Medical care with Jesus' help
By Rob Stein
Washington Post
WASHINGTON — Sandwiched between a swimming pool store and a spice shop in Fairfax, Va., the Tepeyac Family Center looks like any other suburban doctor's office. But it isn't.
The practice combines "the best of modern medicine with the healing presence of Jesus Christ," a brochure at the reception desk announces. An image of the Madonna greets every patient. Doctors, nurses and staff members gather to pray each day before the first appointments.
The center is one of a small but growing number of practices around the country that tailor the care they provide to the religious beliefs of their doctors, shunning birth-control and morning-after pills, IUDs and other contraceptive devices, sterilizations and abortions, as well as in-vitro fertilization. Instead, doctors offer "natural family planning," teaching couples to monitor a woman's temperature and other bodily signals to time intercourse.
Proponents say the practices allow doctors to avoid conflicts with patients who want services the practitioners find objectionable, as well as to provide care that conforms with many patients' own values. The approach, they say, provides an alternative to mainstream medicine's reliance on drugs and devices that, they argue, carry side effects and negatively affect couples' relationships.
"I want to practice my faith," said John Bruchalski, the obstetrician-gynecologist who started Tepeyac. "I'm not interested in pushing it on other people. But this allows me to practice medicine without having to do something that I wouldn't see as positive or healthy."
Critics, however, worry that the practices are segregating medicine along religious lines and may be providing inadequate care by failing to fully inform patients about their options. The critics are especially alarmed about the consequences in poor or rural areas with few alternatives.
"Welcome to the era of balkanized medicine," said Alta Charo, a bioethicist at the University of Wisconsin at Madison. "We've had this for years with religious hospitals. What's happening now is it's drifting down to the level of individual practitioners and small group practices. It essentially creates a parallel world of medicine."
The American College of Obstetricians and Gynecologists has no formal position on such practices, but its officials say the approach can offer a way for religious doctors to work and serve religious patients as long as they are up-front about their limitations.
"If women know before selecting them, then it's quite a legitimate thing to do and might meet the needs of many women and doctors," said Anita Nelson, of the University of California at Los Angeles, speaking for the organization. "But if you hang out your shingle that says 'All-purpose OB-GYN' and don't offer certain services, that's false advertising."
The phenomenon is another manifestation of the tensions arising between religion and medicine with the rise of religious expression in the United States and medical advances that create moral dilemmas for some. Natural family planning, or NFP, practices are seen as a way of sidestepping confrontations over abortion, the morning-after pill and other types of care that some religious health workers refuse to provide, asserting a "right of conscience."
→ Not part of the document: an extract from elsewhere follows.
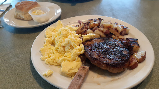 I live down the street and pass this resturant everyday. Im always wondering about their food. Im glad I came because now I know to never come here again. My grievances are more about personal taste. I ordered a Ranchers skillet. It came on a plate. I expected a skillet but again personal taste. The eggs were flavorless but a little salt and pepper fixed that. The bacon wasnt crispy but again personal taste. And the biscuit was really dry. No amount of butter or jam was helping. On the positive the wait staff were on their game and were really nice!
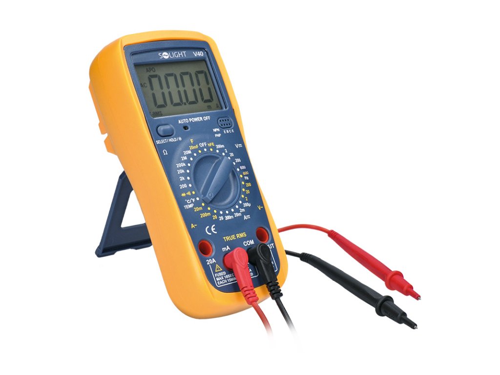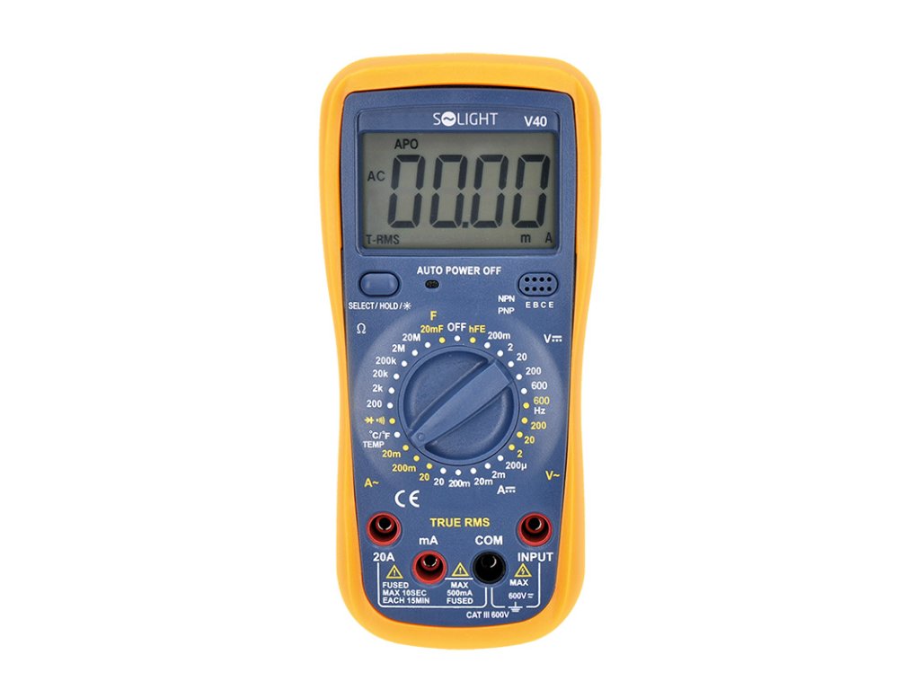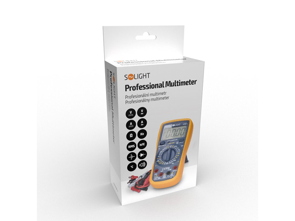 Digitální multimetr pro měření proudu, napětí, odporu, frekvence, kapacity a teploty. Nabízí true RMS měření (efektivní hodnota střídavých průběhů), tranzistorový a diodový test, test spojitosti obvodu, a měření parametrů hFE. Automatické vypnutí a uchování poslední hodnoty. Ochrana proti přetížení s elektronickou pojistkou. Napájení: 9V baterie. Rozsahy: DCV (200mV - 600V), ACV (2V - 600V), DCA (200µA - 20A), OHM (200? - 20M?), kapacita (20nF - 20mF), teplota (-40°C - 1000°C). Rozměry: 189 x 89 x 55 mm.

"This is a way that some of us have found to practice medicine that is consistent with our beliefs," said Kathleen Raviele, of the Catholic Medical Association, which, along with groups such as the American Association of Pro Life Obstetricians and Gynecologists, promotes natural family planning.
"It's definitely a new trend, and it's a refreshing trend," said Theresa Notare, of the U.S. Conference of Catholic Bishops, which has workers in at least half its dioceses trying to enlist more doctors to open such practices. "This is a trend that we should be excited to see grow."
The number of "NFP-only" practices is unknown, but an Ohio-based Web site promoting them has a registry of nearly 500 doctors who have pledged to practice this way. Most are obstetrician-gynecologists and family practitioners.
Doctors on the registry say they converted their practices after struggling to reconcile their beliefs with their medical responsibilities, often after years of being penalized or shunned by colleagues.
"I've encountered a lot of resistance to how I practice over the years," said Lorna Cvet-kovich, an obstetrician-gynecologist in Ann Arbor, Mich. "For one thing, contraception and sterilizations bring in a lot of revenue. But I finally found partners who feel the way I do, and we're scraping by."
Some women, however, report being dismayed after stumbling into one of these practices without realizing what they were.
"It never crossed my mind that it would be an issue," said Katie Green, 26, who was refused a birth-control prescription. "I was really irritated. It just rubbed me the wrong way."
"It caught me completely off guard," said Elizabeth Dotts, 25, who had a similar experience in Birmingham, Ala. "I felt like he was judging me and putting pressure on me. ... I am the patient. I am the client. It should have been about me — what I needed. Not what he needed or believed."
Some experts say such practices are providing substandard care if they do not fully inform patients about all options.